En outre, ce qui rassemble les antagonistes des deux côtés de la ligne de clivage historique sunnite-chiite, c’est la ligne de démarcation des blocs civilisationnels (R. Aron, S. Huntington). Elle les sépare de l’architecture géopolitique de l’après-deuxième guerre mondiale et de ses institutions fédératrices qu’ils tentent de subvertir de manière insidieuse. L’islam a un problème avec la modernité occidentale tant au niveau des fondements de l’ordre international que de celui de son intégration dans les démocraties occidentales dont il conteste les prédicats anthropologiques. Il est en congruence avec la nouvelle barbarie introduite par le wokisme, ainsi qu'avec sa profession de foi anti-moderniste, qui est également teintée de bolchevisme et de ses mythes de régénération par la terreur et les entreprises génocidaires.

La date-butoir du 7 octobre 2023 sonne le glas bien au-delà du glacis israélo-palestinien, elle trace en réalité les bornes entre les figurations émergentes du totalitarisme contemporain et ses esquisses géopolitiques et stratégiques.
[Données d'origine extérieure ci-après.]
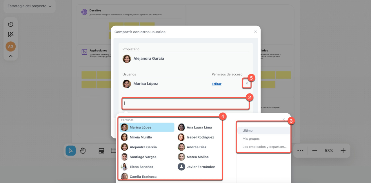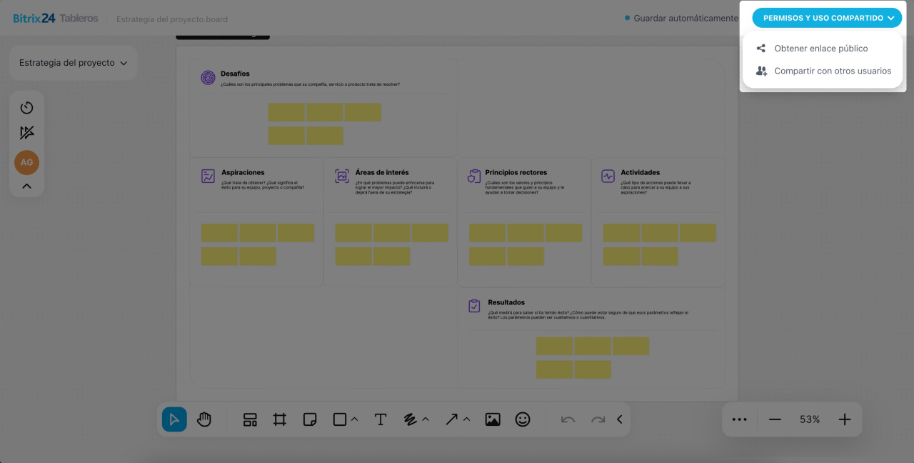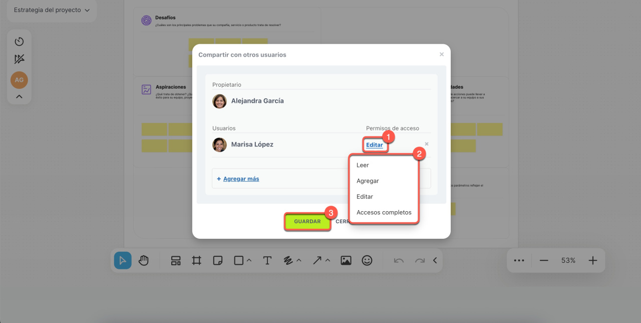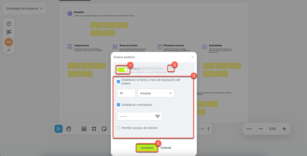 - Permitir acceso de edición: permite a los usuarios realizar cambios, como agregar elementos, mover bloques, dejar notas, etc. Al finalizar el trabajo, desactiva la edición para fijar el resultado.

Le palestinisme n’a rien à voir avec les enjeux du conflit entre Israéliens et Palestiniens. Celui-ci aurait dû être résolu dès 1947 avec la première résolution de l’ONU naissante. Il aurait également dû l'être avec l’ensemble des résolutions négociées et offertes par les instances internationales (Camp David 1979 et dérivées, Oslo-Washington-DC, 1993-1995) et par les premiers ministres israéliens (E. Barak, 2000, E. Olmert, 2008).
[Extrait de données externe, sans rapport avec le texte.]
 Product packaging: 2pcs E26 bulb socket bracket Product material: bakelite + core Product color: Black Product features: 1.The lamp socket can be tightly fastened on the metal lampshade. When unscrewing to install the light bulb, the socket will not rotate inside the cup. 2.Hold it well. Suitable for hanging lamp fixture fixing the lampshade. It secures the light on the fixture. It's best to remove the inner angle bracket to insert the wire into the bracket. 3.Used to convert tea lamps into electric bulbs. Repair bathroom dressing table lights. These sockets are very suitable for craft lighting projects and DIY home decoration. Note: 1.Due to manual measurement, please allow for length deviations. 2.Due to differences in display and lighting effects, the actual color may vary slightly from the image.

Les instrumentalisations de la question palestinienne par les politiques de puissance arabe et musulmane et celles du temps soviétique et de la gauche sauvage ont tué toutes les chances d’un règlement négocié à différents intervalles. La politique des «plateformes opérationnelles intégrées» mise en action par Q. Suleimani a été utilisée pour promouvoir la stratégie de subversion iranienne. En l’occurrence, elle lui a conféré une légitimité islamique fondée sur le prisme judaïque et ses modulations agonistes scripturaires (Coran, Hadiths), et en a fait le fer de lance de la lutte contre la pollution de l’Occident colonisateur (Gharb Zadegi). Il est inutile de reprendre la discussion tant que les règles de la discussion sont disparates et sans socle commun sur le plan épistémologique. La violence est inscrite dans les interstices d’un immense malentendu, car l’écart linguistique est le signe d’une controverse historique qui est bien loin d’être résolue. Entre-temps les sociétés en paient le coût.